How large a neural network is needed to learn a state change diagram of S-state N inputs? Initially, I thought “two intermediate layers of O(S^2) size are needed,” but I was able to learn with much smaller ones, so I explored the limits. The input is a concatenation of S-dimensional one-hot and N-dimensional one-hot. The output is one-hot in the new state S dimension. The state transition table is randomly generated.
- In reality, there is more structure and compression is easier. Randomness is the most difficult problem.

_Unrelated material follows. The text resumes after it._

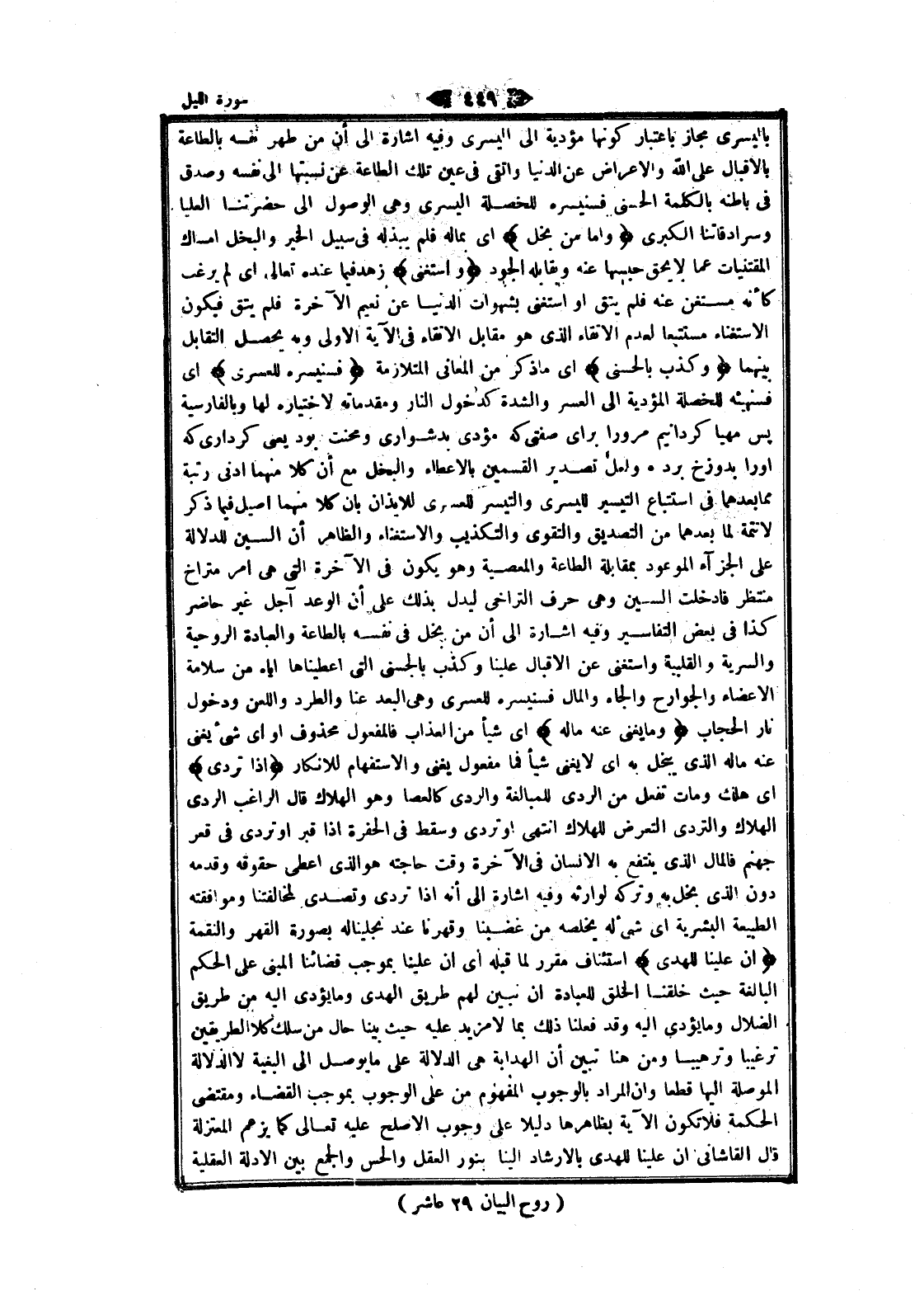 باليسرى مجاز باعتبار كونها مؤدية الى اليسرى وفيه اشارة الى أن من طهر نفسه بالطاعة بالإقبال على الله والاعراض عن الدنيا واتقى فى عين تلك الطاعة عن نسبتها الى نفسه وصدق فى باطنه بالكلمة الحسنى فسنيسره للخصلة اليسرى وهى الوصول الى حضرتنا العليا وسرادقاتنا الكبرى وَأَمَّا مَنْ بَخِلَ اى بماله فلم يبذله فى سبيل الخير والبخل إمساك المقتنيات عما لا يحق حبسها عنه ويقابله الجود وَاسْتَغْنى زهد فيما عنده تعالى اى لم يرغب كأنه مستغن عنه فلم يتق او استغنى بشهوات الدنيا عن نعيم الآخرة فلم يتق فيكون الاستغناء مستتبعا لعدم الاتقاء الذي هو مقابل الاتقاء فى الآية الاولى وبه يحصل التقابل بينهما وَكَذَّبَ بِالْحُسْنى اى ما ذكر من المعاني المتلازمة فَسَنُيَسِّرُهُ لِلْعُسْرى اى فسنهيئه للخصلة المؤدية الى العسر والشدة كدخول النار ومقدماته لاختياره لها وبالفارسية پس مهيا كردانيم مرورا براى صفتى كه مؤدى بدشوارى ومحنت بود يعنى كردارى كه او را بدوزخ برد. ولعل تصدير القسمين بالإعطاء والبخل مع أن كلا منهما ادنى رتبة مما بعدهما فى استتباع التيسير لليسرى والتيسر للعسرى للايذان بان كلا منهما اصيل فيما ذكر لانتمة لما بعدهما من التصديق والتقوى والتكذيب والاستغناء والظاهر أن السين للدلالة على الجزاء الموعود بمقابلة الطاعة والمعصية وهو يكون فى الآخرة التي هى امر متراخ منتظر فادخلت السين وهى حرف التراخي ليدل بذلك على أن الوعد آجل غير حاضر كذا فى بعض التفاسير وفيه اشارة الى أن من بخل فى نفسه بالطاعة والعبادة الروحية والسرية والقلبية واستغنى عن الإقبال علينا وكذب بالحسنى التي أعطيناها إياه من سلامة الأعضاء والجوارح والجاه والمال فسنيسره للعسرى وهى البعد عنا والطرد واللعن ودخول نار الحجاب وَما يُغْنِي عَنْهُ مالُهُ اى شيأ من العذاب فالمفعول محذوف او اى شىء يغنى عنه ماله الذي يبخل به اى لا يغنى شيأ فما مفعول يغنى والاستفهام للانكار إِذا تَرَدَّى اى هلك ومات تفعل من الردى للمبالغة والردى كالعصا وهو الهلاك قال الراغب الردى الهلاك والتردي التعرض للهلاك انتهى او تردى وسقط فى الحفرة إذا قبر او تردى فى قعر جهنم فالمال الذي ينتفع به الإنسان فى الآخرة وقت حاجته هو الذي اعطى حقوقه وقدمه دون الذي بخل به وتركه لوارثه وفيه اشارة الى أنه إذا تردى وتصدى لمخالفتنا وموافقته الطبيعة البشرية اى شىء له يخلصه من غضبنا وقهرنا عند نجلينا له بصورة القهر والنقمة إِنَّ عَلَيْنا لَلْهُدى استئناف مقرر لما قبله اى ان علينا بموجب قضائنا المبنى على الحكم البالغة حيث خلقنا الخلق للعبادة ان نبين لهم طريق الهدى وما يؤدى اليه من طريق الضلال وما يؤدى اليه وقد فعلنا ذلك بما لا مزيد عليه حيث بينا حال من سلك كلا الطريقين ترغيبا وترهيبا ومن هنا تبين أن الهداية هى الدلالة على ما يوصل الى البغية لا الدلالة الموصلة إليها قطعا وان المراد بالوجوب المفهوم من على الوجوب بموجب القضاء ومقتضى الحكمة فلا تكون الآية بظاهرها دليلا على وجوب الأصلح عليه تعالى كما يزعم المعتزلة قال القاشاني ان علينا للهدى بالإرشاد إلينا بنور العقل والحس والجمع بين الادلة العقلية

- S * 1 S is determined for N inputs The activation function is ReLU Set EARLY_STOPPING=False, because if it is True, it will stop before the learning process starts. The sizes of the intermediate layers were tried from the smallest to the largest, and the table shows the sizes that could correctly answer all of the S * N possible inputs.

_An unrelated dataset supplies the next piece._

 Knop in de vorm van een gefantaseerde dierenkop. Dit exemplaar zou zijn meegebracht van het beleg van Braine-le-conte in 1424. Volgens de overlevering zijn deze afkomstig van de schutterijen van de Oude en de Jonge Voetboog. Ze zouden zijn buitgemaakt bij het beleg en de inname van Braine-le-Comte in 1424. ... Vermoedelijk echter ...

Number of intermediate layers required for all patterns to be correct
↓S\N→ | 3 | 10 | 30 | 100 |
---|---|---|---|---|
3 | 4 | 8 | 8 | 8 |
6 | 8 | 8 | 16 | 24 |
10 | 8 | 16 | 24 | 36 |
13 | 8 | 16 | 32 | 60 |
16 | 8 | 8 | 36 | 60 |
20 | 8 | 8 | 32 | 90 |
40 | 16 | 28 | 60 | 135 |
60 | 16 | 28 | 90 | 135 |
Experiment (up to S=20): https://gist.github.com/nishio/8d2dd6511df11c0aa78b542c7563b2a8 | ||||
Additional experiments (S=40, 60): https://gist.github.com/nishio/905160abc7766fcf239e6c7854465172 |
When I saw the results of this experiment, I thought, “What? Why is it OK to have such a small middle class? Isn’t it buggy?” I thought, To begin with, state transition diagrams can be realized without even an intermediate layer if the input is SN one-hot. (Figure 2) The question can be stated as “If we replace one-hot SN with two-hot S+N by placing an intermediate layer, how many intermediate layer sizes are needed? And this compresses more than you think. see Learning the identity map
So, it is possible to represent state transition diagrams with a multi-layer perceptron that is smaller and simpler than expected.
Associative: embedding a state into a vector space.
This page is auto-translated from /nishio/状態遷移図の学習 using DeepL. If you looks something interesting but the auto-translated English is not good enough to understand it, feel free to let me know at @nishio_en. I’m very happy to spread my thought to non-Japanese readers.